## Problem statement
What should you transcribe? Every line from the top of the records below through the line with "La presentación oficial", exactly, and no pictures.

## Recorded data
----------------------------------------
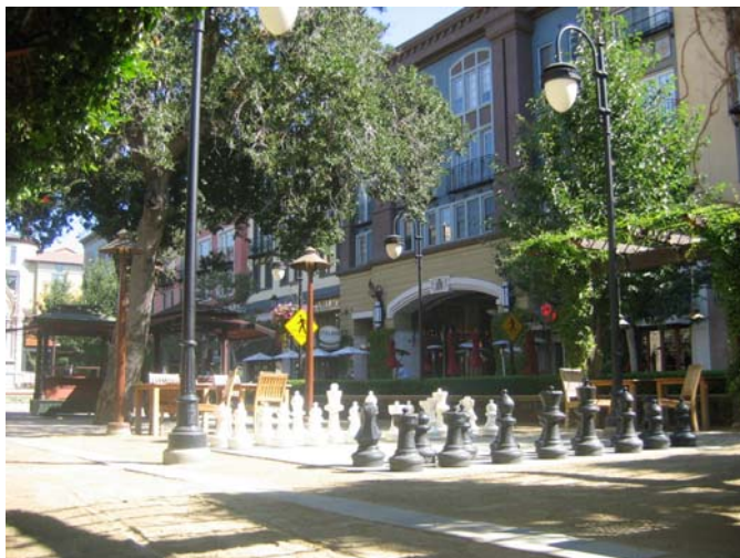
Abb. 03: Santana Row, Straßenansicht Santana Row.

Anstelle der Strip-Mall entstand ein Quartier mit einem großflächigen Einzelhandelsbereich (74.320m 2 VK) in den Erdgeschosszonen, einem Hotel 142 , Kinokomplex und über 1.000 Wohneinheiten 143 in den oberen Geschossen. Ein offenes, mit der Umgebung verknüpftes Straßenraster dient als Aufenthaltsbereich und Einkaufsstraße, welche qualitativ hochwertig gestaltet wurde und nach Aussage der Stadt mit städtischen Mitteln nicht finanzierbar gewesen wäre.
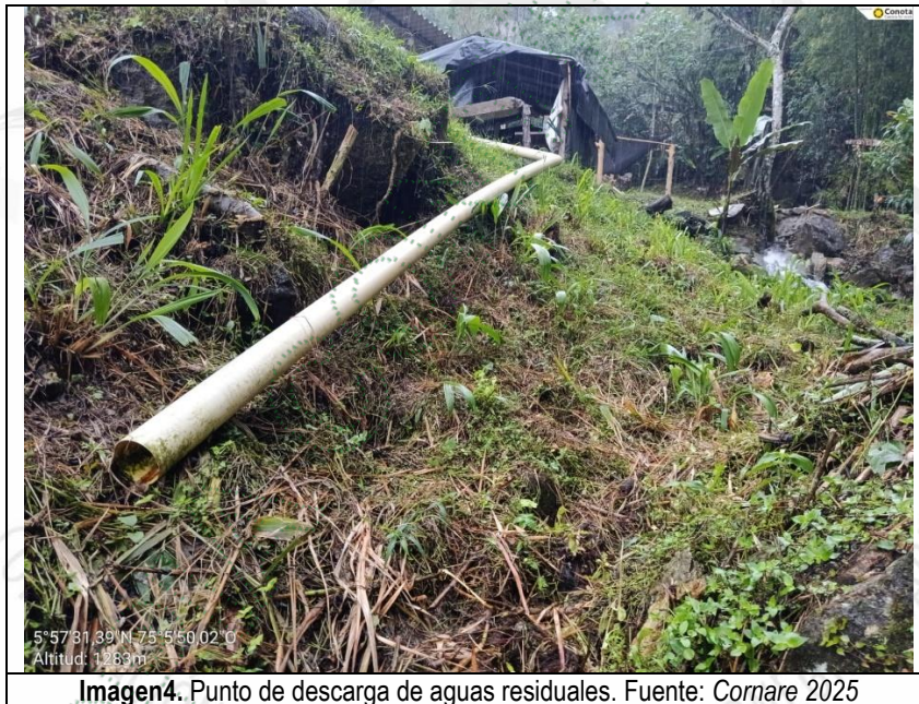
Imagen4. Punto de descarga de aguas residuales.
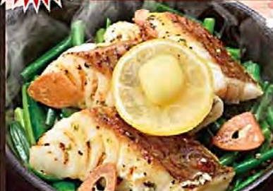
Lemon Pepper Grilled Cherry Red Sea Bream with Leek 香葱柠檬胡椒櫻鯛鉄板焼 鶏卵 과 레몬 껍질 구이

20% OFF クーポン 対象商品! [20%OFFクーポンについて] ※下記のいずれかをお会計時にご提示ください。 ●エポスカード会員限定クーポンを持参 (お会計はエポスカード払いが条件) ●当社モバイル会員限定メルマガクーポンご提示 ●当社SNS公式アカウントクーポンご提示 [対象の当社SNS 公式アカウントクーポン] LINE@
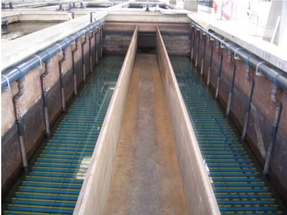
2.6 Werkzaamheden aan een snelfilter voor de behandeling van oppervlaktewater (effectzone oranje) met een relatief kleine kans op verontreiniging vallen in risicoklasse II.
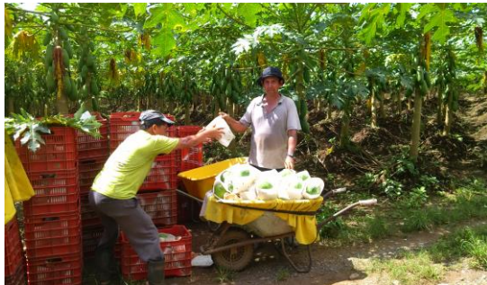
Foto 4. Producción y cosecha de papaya por pequeños productores de Parrita afiliados a Coopeparrita Tropical R.L. (Carlos Alpízar, 2017)
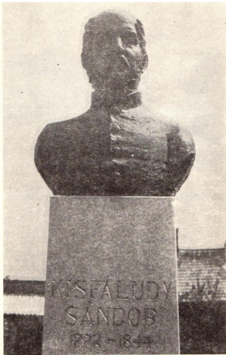
Kisfaludy Sándor felavatott mellszobra a gimnázium udvarán
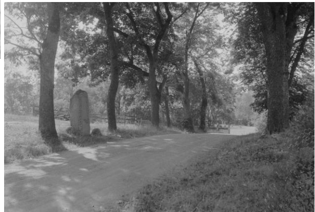
Plansch 94a. Ög 170. Åkerby (föret Ösby), Gårdeby sn. Foto Nordén 1941. [Jansson skriver 1947: Översiktsbild duger.]
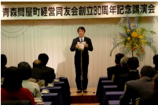
青森問屋町経営同友会 足立会長 記念講演会挨拶
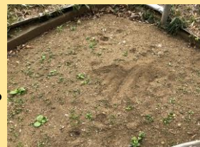
後足で地面を蹴り上げた跡

ほかにはネズミやヘビの情報も。害獣にしないための工夫、よいアイデアありませんか。
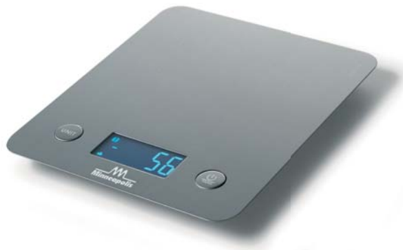
MINNEAPOLIS 5/1 FLAT INOX
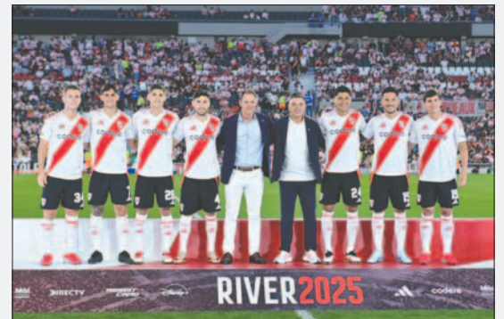
Los nuevos rostros en el equipo de River Plate

La presentación oficial del equipo conducido por Marcelo Gallardo será este sábado de visitante ante Platense por la primera fecha de la Copa de la Liga Profesional Apertura, mientras que el 5 de marzo tiene programada la Supercopa Internacional 2024 ante Talleres de Córdoba, en lo que podría ser el primer título desde el regreso del 'Muñeco' al club a mediados del año pasado.
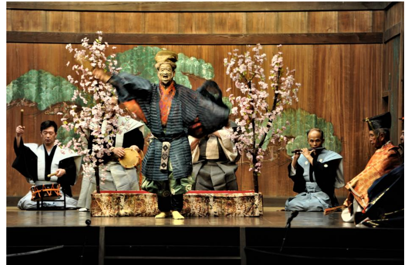
▲ 能楽殿(水前寺成趣園内)
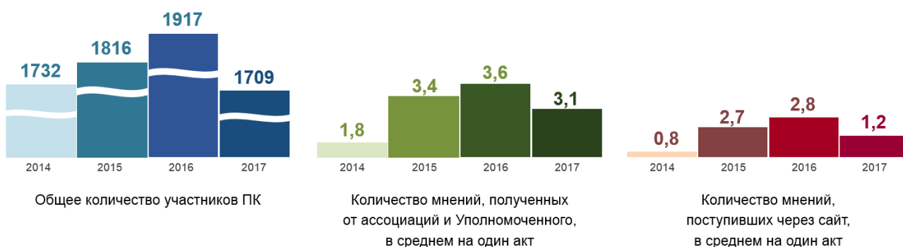
Рисунок 2. Динамика количества участников публичных консультаций в 2014-2017 гг.

За 2017 год активность участия в ПК субъектов предпринимательской и инвестиционной деятельности, представителей предпринимательских объединений и общественных организаций осталась практически на прежнем уровне. Среднее количество субъектов предпринимательства, участвовавших в обсуждении одного акта (проекта акта), составило 70. Некоторое сокращение количества участников по сравнению с предыдущим годом объясняется спецификой актов и их проектов, вошедших в перечень
----------------------------------------
## Exercise response
Abb. 03: Santana Row, Straßenansicht Santana Row.

Anstelle der Strip-Mall entstand ein Quartier mit einem großflächigen Einzelhandelsbereich (74.320m 2 VK) in den Erdgeschosszonen, einem Hotel 142 , Kinokomplex und über 1.000 Wohneinheiten 143 in den oberen Geschossen. Ein offenes, mit der Umgebung verknüpftes Straßenraster dient als Aufenthaltsbereich und Einkaufsstraße, welche qualitativ hochwertig gestaltet wurde und nach Aussage der Stadt mit städtischen Mitteln nicht finanzierbar gewesen wäre.
Imagen4. Punto de descarga de aguas residuales.
Lemon Pepper Grilled Cherry Red Sea Bream with Leek 香葱柠檬胡椒櫻鯛鉄板焼 鶏卵 과 레몬 껍질 구이

20% OFF クーポン 対象商品! [20%OFFクーポンについて] ※下記のいずれかをお会計時にご提示ください。 ●エポスカード会員限定クーポンを持参 (お会計はエポスカード払いが条件) ●当社モバイル会員限定メルマガクーポンご提示 ●当社SNS公式アカウントクーポンご提示 [対象の当社SNS 公式アカウントクーポン] LINE@
2.6 Werkzaamheden aan een snelfilter voor de behandeling van oppervlaktewater (effectzone oranje) met een relatief kleine kans op verontreiniging vallen in risicoklasse II.
Foto 4. Producción y cosecha de papaya por pequeños productores de Parrita afiliados a Coopeparrita Tropical R.L. (Carlos Alpízar, 2017)
Kisfaludy Sándor felavatott mellszobra a gimnázium udvarán
Plansch 94a. Ög 170. Åkerby (föret Ösby), Gårdeby sn. Foto Nordén 1941. [Jansson skriver 1947: Översiktsbild duger.]
青森問屋町経営同友会 足立会長 記念講演会挨拶
後足で地面を蹴り上げた跡

ほかにはネズミやヘビの情報も。害獣にしないための工夫、よいアイデアありませんか。
MINNEAPOLIS 5/1 FLAT INOX
Los nuevos rostros en el equipo de River Plate

La presentación oficial del equipo conducido por Marcelo Gallardo será este sábado de visitante ante Platense por la primera fecha de la Copa de la Liga Profesional Apertura, mientras que el 5 de marzo tiene programada la Supercopa Internacional 2024 ante Talleres de Córdoba, en lo que podría ser el primer título desde el regreso del 'Muñeco' al club a mediados del año pasado.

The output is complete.